Background: Female genital mutilation (FGM) or female circumcision is the removal of variable amounts of tissue from the female external genitalia. It is practised all over the world on very young girls. This study was conducted in Sudan where FGM is a criminal offence and not a religious dictate. We assessed the knowledge, attitudes, and perceptions of this practice among Khartoum university students and compared the differences between male and female student responses.
Methods: An anonymised detailed questionnaire was distributed among the university students. In addition to the participant’s age, marital status, course studying, details regarding their attitude, knowledge of the practice of FGM, and their own experiences were collected.
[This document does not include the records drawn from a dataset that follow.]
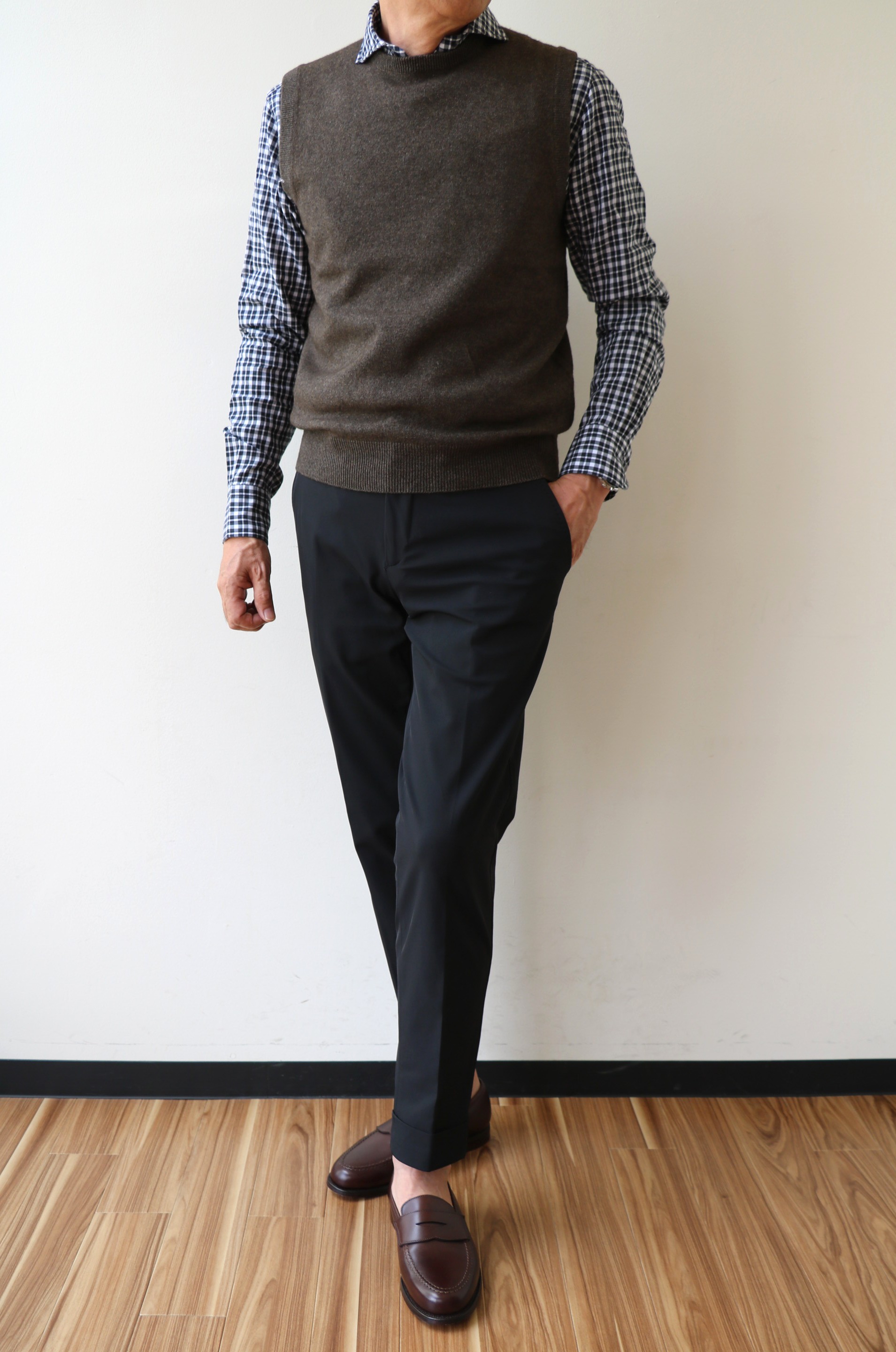 秋が深まれば、チェックのシャツに。袖のないベストであれば、羽織るものは、自由自在です。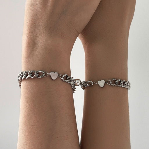 2 Pcs/set Couple Lover Bff Alloy Magnetic Cuban Bracelet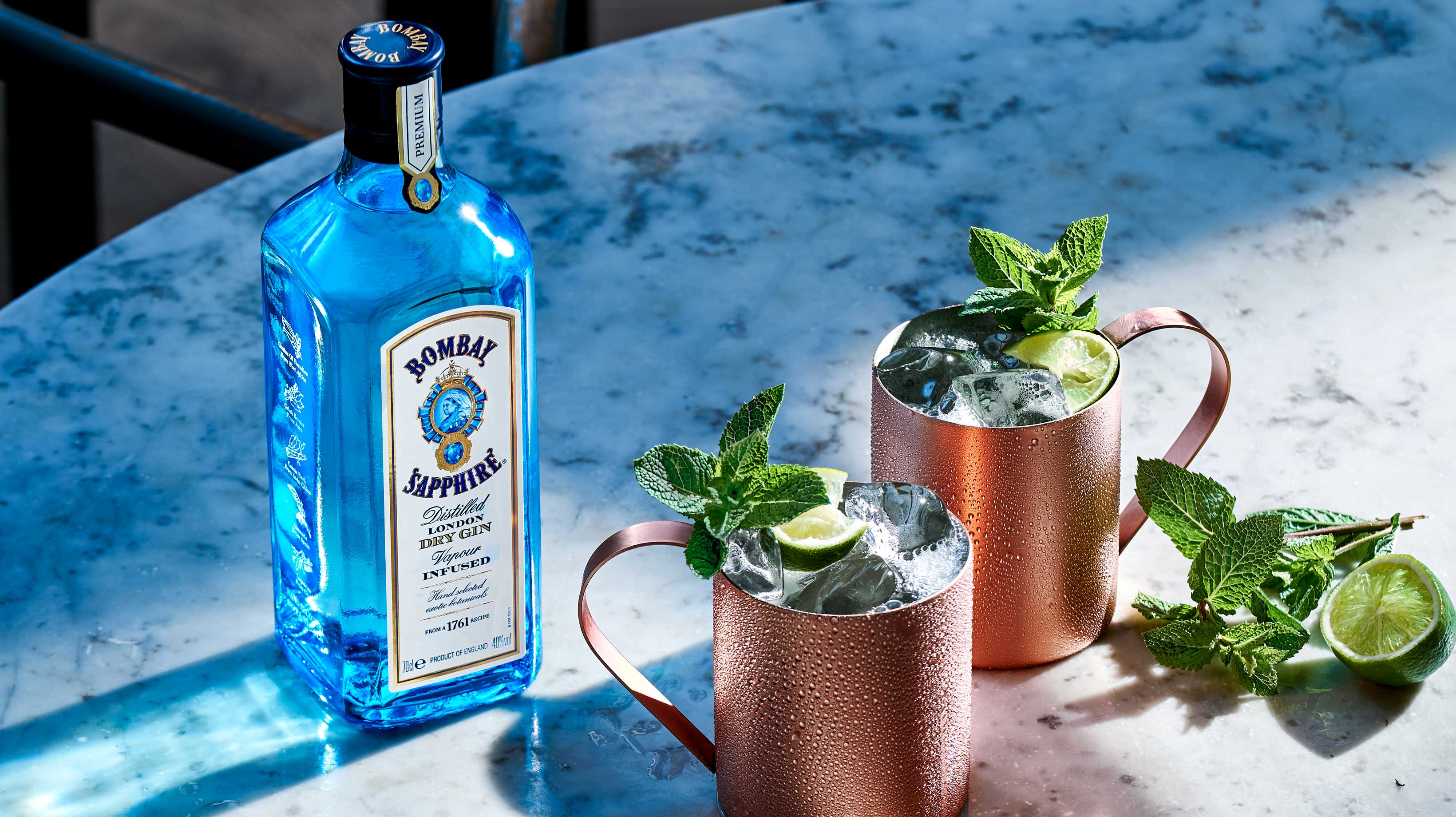 - 봄베이 사파이어 진 50ml를 얼음 가득 채운 뮬(Mule)잔에 채웁니다.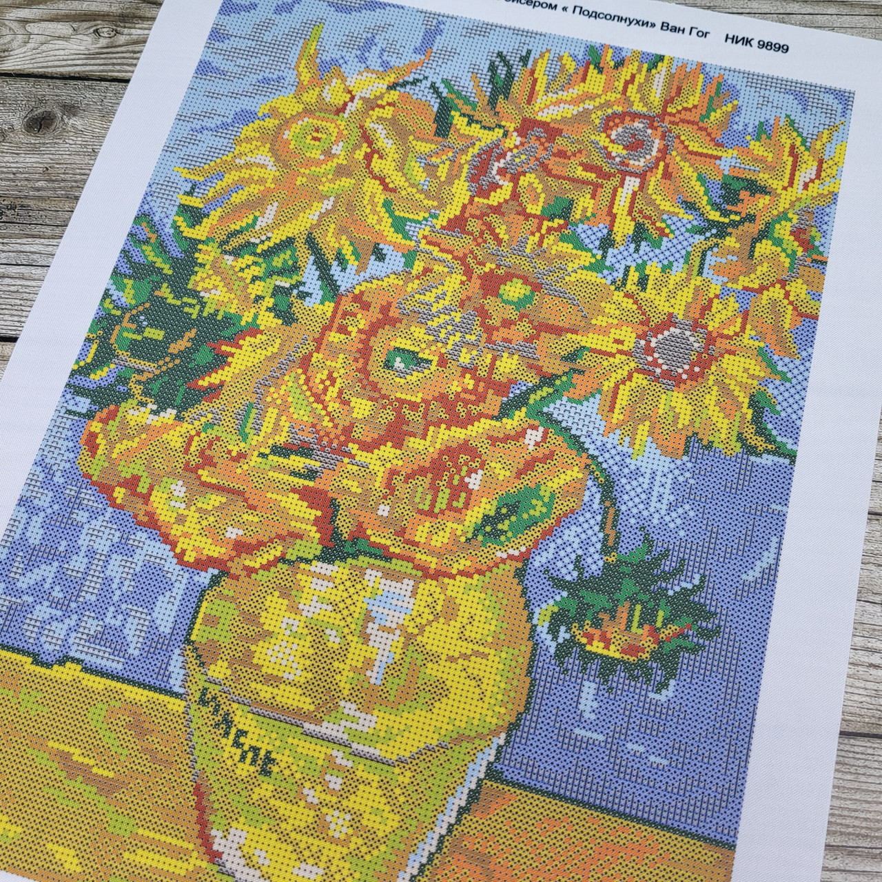 Мои вышивки картин Ван Гога - Подсолнухи и Ирисы и квадратики, выполненные в разной технике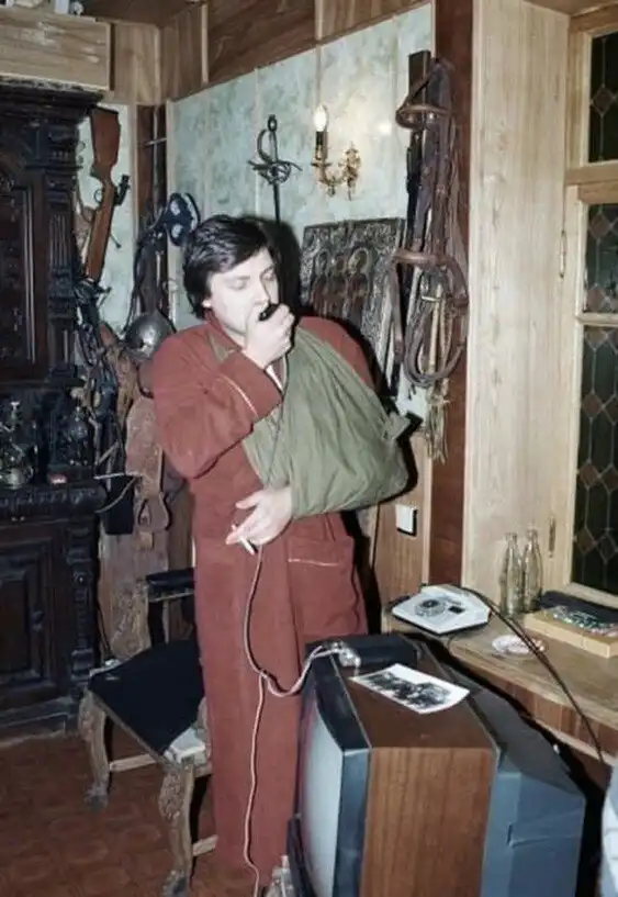 25. Александр Невзоров говорит по рации в своем доме, после покушения, 1990 год

Results: Of the 500 questionnaires distributed, 414 (82.8%) were returned from 192 (46%) females and 222 (54%) males. 109 (56.8%) of the female respondents were themselves circumcised.18.8% of the male students and 9.4% of the female students thought FGM was recommended by their religion. Only 90 (46.9%) female students compared with 133 (59.9%) male students thought FGM was illegal. Though 16 (8.3%) female respondents thought FGM would increase their chances of marriage, the majority, 166 (74.8%), of the male students would prefer a non-circumcised female.
Conclusions: This study shows that 109 (56.8%) female university students who responded were circumcised. Confusing religious messages and ambiguous laws seem to be responsible for the continuation of this practice. The study highlights the partnership that needs to be established between religious leaders and educationalists to end this medieval practice.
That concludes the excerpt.